If a record contains a picture, drop the picture and copy everything else exactly.
━━━━━━━━━━
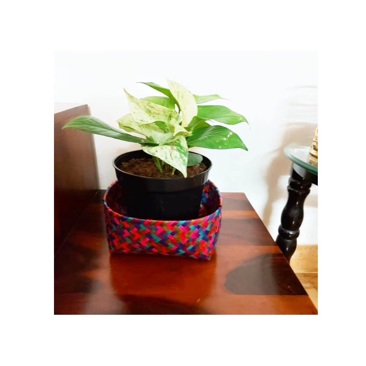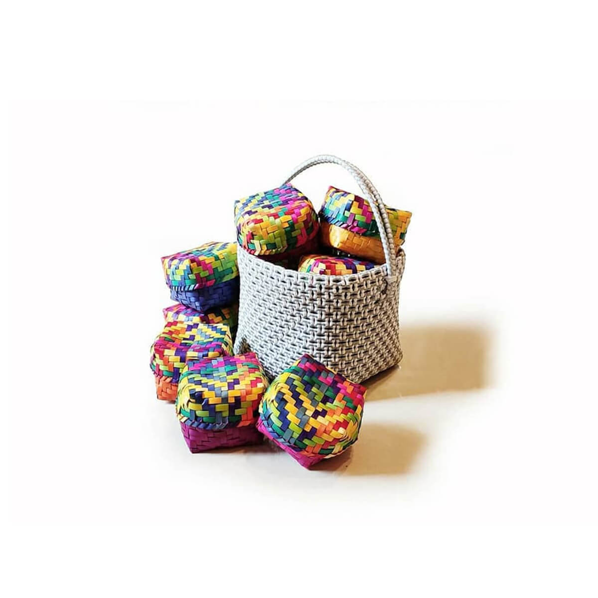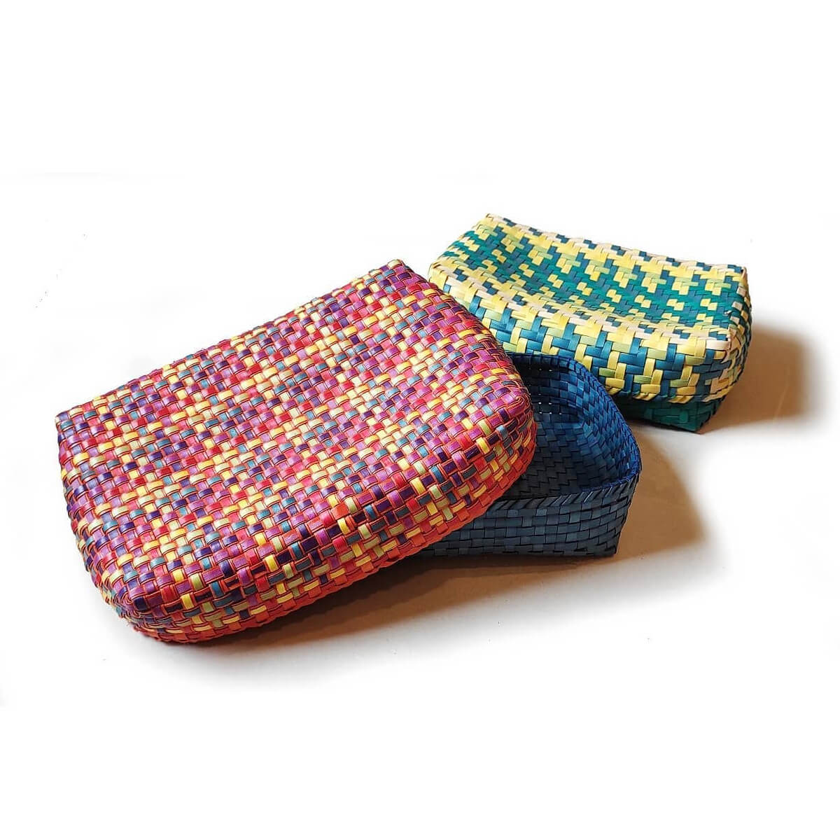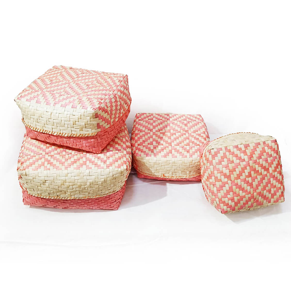 Colourful Palm Leaves are woven with the traditional weave pattern of Kottan to create these beautiful Saree Boxes. Can be used for storage as well as gifting.
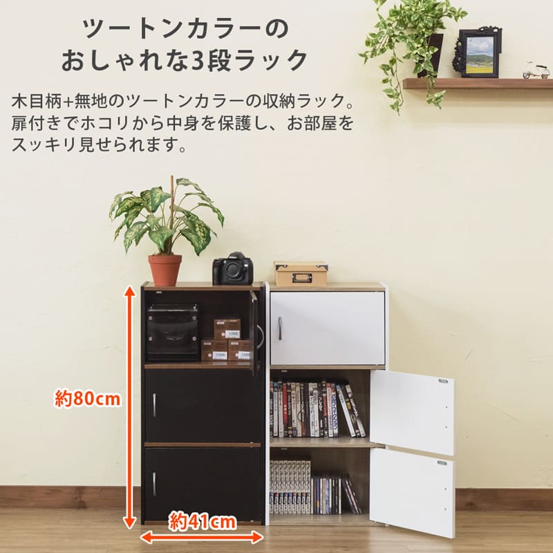 GRANZ 3段ラック 扉3枚 HMP-25-WH ホワイト
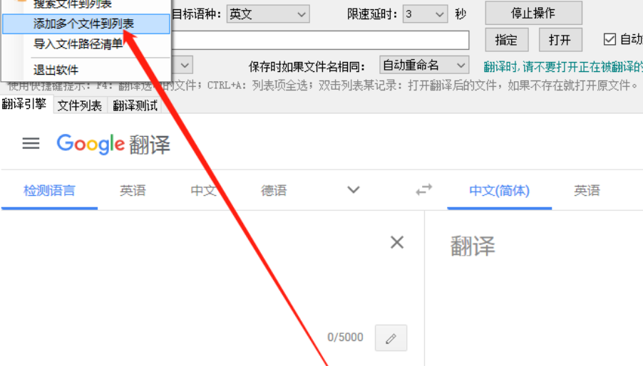 1.首先第一步我们打开软件之后在软件的主界面中点击添加多个文件到列表这个功能,点击之后即可添加要翻译的文件。
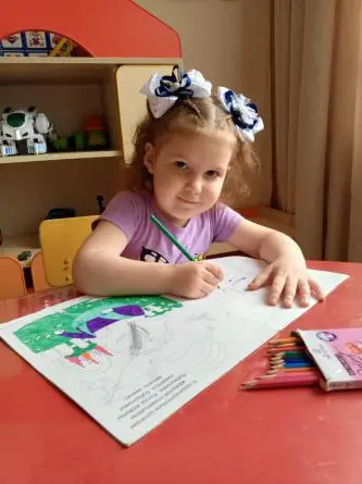 Характер: Девочка по характеру улыбчивая, доброжелательная, отзывчивая. Ребенок отзывчив на похвалу, любит одобрение. Уровень развития соответствует возрастной норме. К занятиям проявляет интерес. Познавательная активность на занятиях носит кратковременный характер. Культурно-гигиенические навыки и навыки самообслуживания сформированы. Следит за своим внешним видом. На педагогические замечания реагирует адекватно, к взрослым относится уважительно, к советам и рекомендациям прислушивается. Любит рисовать и раскрашивать различные раскраски.
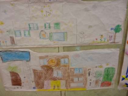 2年生は、1年生のために学校の紹介文や絵もかきました。1年生のみなさん、由井第三小学校のことが、よくわかったかな?
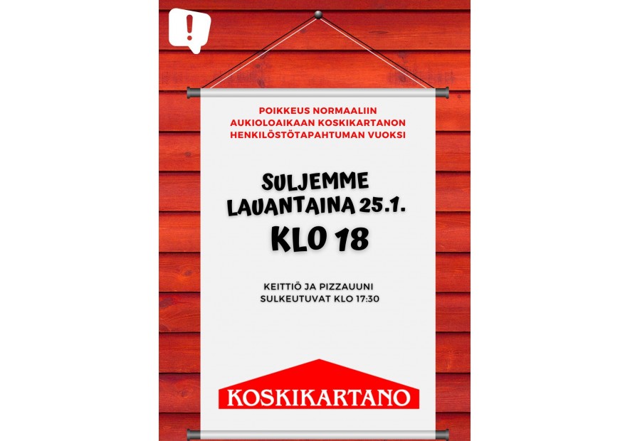 Suljemme la 25.1. klo 18
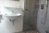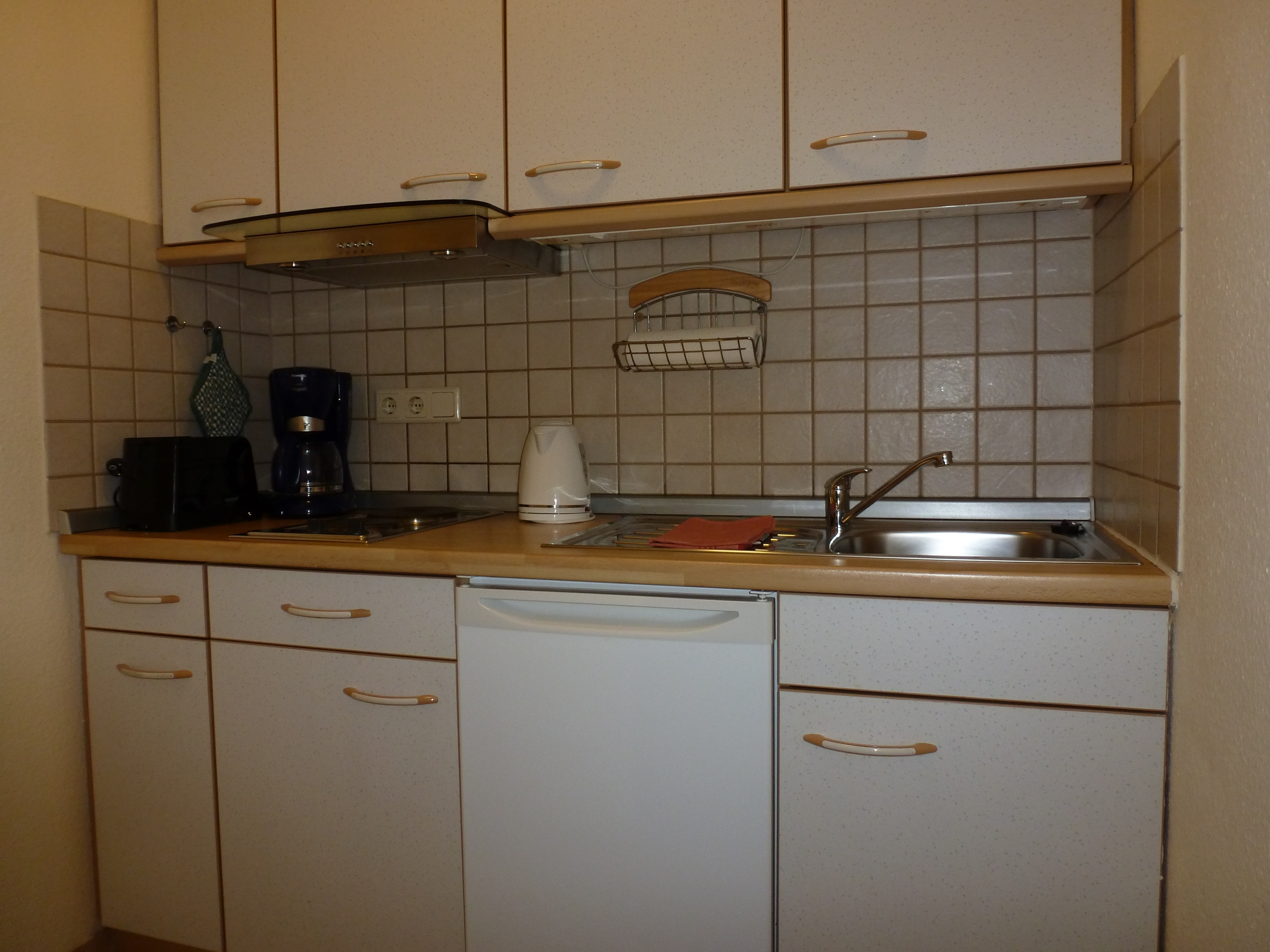 Küchenzeile und neue barierefreie Dusche mit WC.
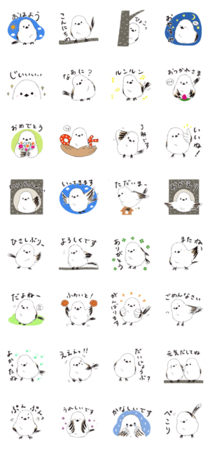 つぶらな瞳がかわいいシマエナガの毎日使えるスタンプです。すこし より発売
━━━━━━━━━━
Solution below:
 Colourful Palm Leaves are woven with the traditional weave pattern of Kottan to create these beautiful Saree Boxes. Can be used for storage as well as gifting.
 GRANZ 3段ラック 扉3枚 HMP-25-WH ホワイト
 1.首先第一步我们打开软件之后在软件的主界面中点击添加多个文件到列表这个功能,点击之后即可添加要翻译的文件。
 Характер: Девочка по характеру улыбчивая, доброжелательная, отзывчивая. Ребенок отзывчив на похвалу, любит одобрение. Уровень развития соответствует возрастной норме. К занятиям проявляет интерес. Познавательная активность на занятиях носит кратковременный характер. Культурно-гигиенические навыки и навыки самообслуживания сформированы. Следит за своим внешним видом. На педагогические замечания реагирует адекватно, к взрослым относится уважительно, к советам и рекомендациям прислушивается. Любит рисовать и раскрашивать различные раскраски.
 2年生は、1年生のために学校の紹介文や絵もかきました。1年生のみなさん、由井第三小学校のことが、よくわかったかな?
 Suljemme la 25.1. klo 18
 Küchenzeile und neue barierefreie Dusche mit WC.
 つぶらな瞳がかわいいシマエナガの毎日使えるスタンプです。すこし より発売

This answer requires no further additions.